Now, as we said, the user will be able to flash the arduino inside each motor, so it will have full access to the controller. The connection (for now) it will be with cables going out of the motor. These cables are going out of the sensor board (and so, between the main board and the sensor board). There are a lot of them (6 for isp, 2 for I2C, 2 for the power supply) but the versatility of being able to reprogram the controller we believe is a huge plus!

Even though the driver, based on our tests so far, seems reliable it has the disadvantage that is quite big for the size of the main board. In order to save some space, we will be sending to the motor two power supplies (battery voltage and 5V). So no voltage regulator. The main advantages of the driver are that has overheat protection and integrated current sensor (more space saved). We also used a mosfet for reverse battery connection protection. I think the electronics parts are quite protected from burning.

And a little bit out of topic. As far as the rest of the project (poppy… walking), we started right now some simulations of simplified models of “walkers” so … soon we will open another topic related to it.

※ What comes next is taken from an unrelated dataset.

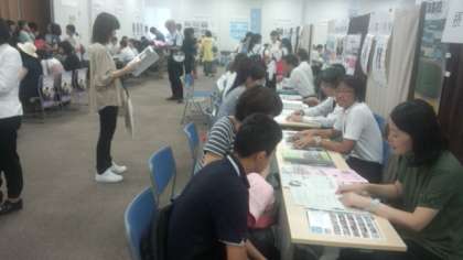 あす、8月6日(日)も、12時から4時までの時間に開催されます。今日とは、違う38の高校のブースが設置されます。本日来場された皆さんも、本日来場出来なかった皆さんも、ご来場ください。

That’s sound really good, You will use ATMEGA328p?

Yes. I tried to flash it with an arduino board but couldn’t manage it so I used the cheap USBasp programmer and everything was fine!

And one picture with the board mounted (not soldered in this one)

As we said, there are a lot of cables, but only because we have the ISP (grey ones) for re-programming the controller.

really cool!
Your grey cables are soldered on your pcb? You will keep it like this or it’s removable ?

Unfortunately there is no space to solder some pins on the board to make the cables removable. It’s the very first assembled board so not the final version. I am looking for more… ‘proper’ cables.